> [Work required]:
Please restate each line of the data that follows word for word, skipping any image.

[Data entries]
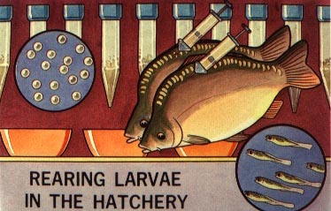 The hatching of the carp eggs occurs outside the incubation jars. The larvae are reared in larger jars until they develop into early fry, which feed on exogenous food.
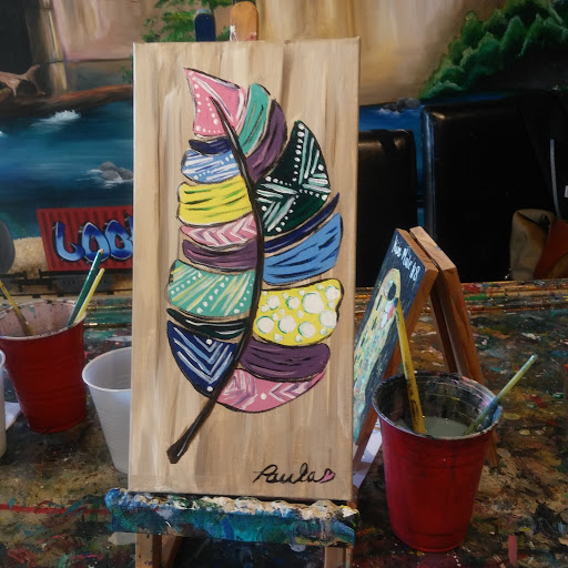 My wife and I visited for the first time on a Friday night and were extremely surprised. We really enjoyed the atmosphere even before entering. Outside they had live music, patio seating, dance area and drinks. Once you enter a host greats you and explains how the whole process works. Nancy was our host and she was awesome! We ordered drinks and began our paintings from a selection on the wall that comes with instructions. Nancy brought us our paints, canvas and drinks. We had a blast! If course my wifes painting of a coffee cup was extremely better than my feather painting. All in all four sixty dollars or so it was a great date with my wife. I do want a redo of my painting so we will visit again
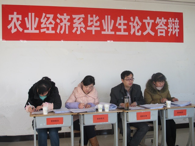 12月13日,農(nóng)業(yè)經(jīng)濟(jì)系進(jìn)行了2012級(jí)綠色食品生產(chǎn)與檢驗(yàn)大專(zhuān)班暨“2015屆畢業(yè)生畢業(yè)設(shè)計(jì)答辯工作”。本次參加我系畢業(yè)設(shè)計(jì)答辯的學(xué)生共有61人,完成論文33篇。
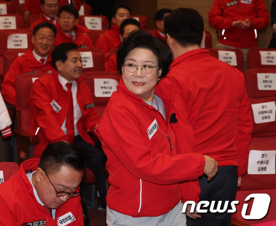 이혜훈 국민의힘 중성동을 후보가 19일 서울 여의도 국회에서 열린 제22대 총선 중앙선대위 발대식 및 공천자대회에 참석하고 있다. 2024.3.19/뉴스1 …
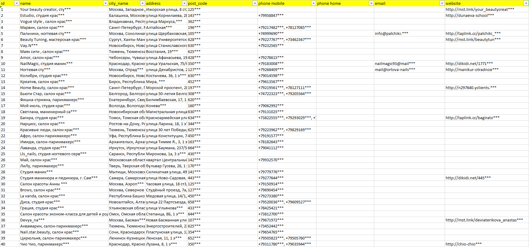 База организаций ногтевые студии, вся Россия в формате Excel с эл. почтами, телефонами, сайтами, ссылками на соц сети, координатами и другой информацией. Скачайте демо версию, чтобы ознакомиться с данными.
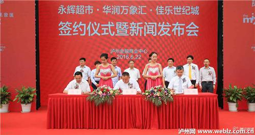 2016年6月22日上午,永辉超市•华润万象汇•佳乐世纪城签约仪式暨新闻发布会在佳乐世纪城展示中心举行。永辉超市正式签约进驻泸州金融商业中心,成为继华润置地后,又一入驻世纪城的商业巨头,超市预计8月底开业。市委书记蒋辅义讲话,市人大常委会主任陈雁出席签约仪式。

> [Solution to this problem]:
 The hatching of the carp eggs occurs outside the incubation jars. The larvae are reared in larger jars until they develop into early fry, which feed on exogenous food.
 My wife and I visited for the first time on a Friday night and were extremely surprised. We really enjoyed the atmosphere even before entering. Outside they had live music, patio seating, dance area and drinks. Once you enter a host greats you and explains how the whole process works. Nancy was our host and she was awesome! We ordered drinks and began our paintings from a selection on the wall that comes with instructions. Nancy brought us our paints, canvas and drinks. We had a blast! If course my wifes painting of a coffee cup was extremely better than my feather painting. All in all four sixty dollars or so it was a great date with my wife. I do want a redo of my painting so we will visit again
 12月13日,農(nóng)業(yè)經(jīng)濟(jì)系進(jìn)行了2012級(jí)綠色食品生產(chǎn)與檢驗(yàn)大專(zhuān)班暨“2015屆畢業(yè)生畢業(yè)設(shè)計(jì)答辯工作”。本次參加我系畢業(yè)設(shè)計(jì)答辯的學(xué)生共有61人,完成論文33篇。
 이혜훈 국민의힘 중성동을 후보가 19일 서울 여의도 국회에서 열린 제22대 총선 중앙선대위 발대식 및 공천자대회에 참석하고 있다. 2024.3.19/뉴스1 …
 База организаций ногтевые студии, вся Россия в формате Excel с эл. почтами, телефонами, сайтами, ссылками на соц сети, координатами и другой информацией. Скачайте демо версию, чтобы ознакомиться с данными.
 2016年6月22日上午,永辉超市•华润万象汇•佳乐世纪城签约仪式暨新闻发布会在佳乐世纪城展示中心举行。永辉超市正式签约进驻泸州金融商业中心,成为继华润置地后,又一入驻世纪城的商业巨头,超市预计8月底开业。市委书记蒋辅义讲话,市人大常委会主任陈雁出席签约仪式。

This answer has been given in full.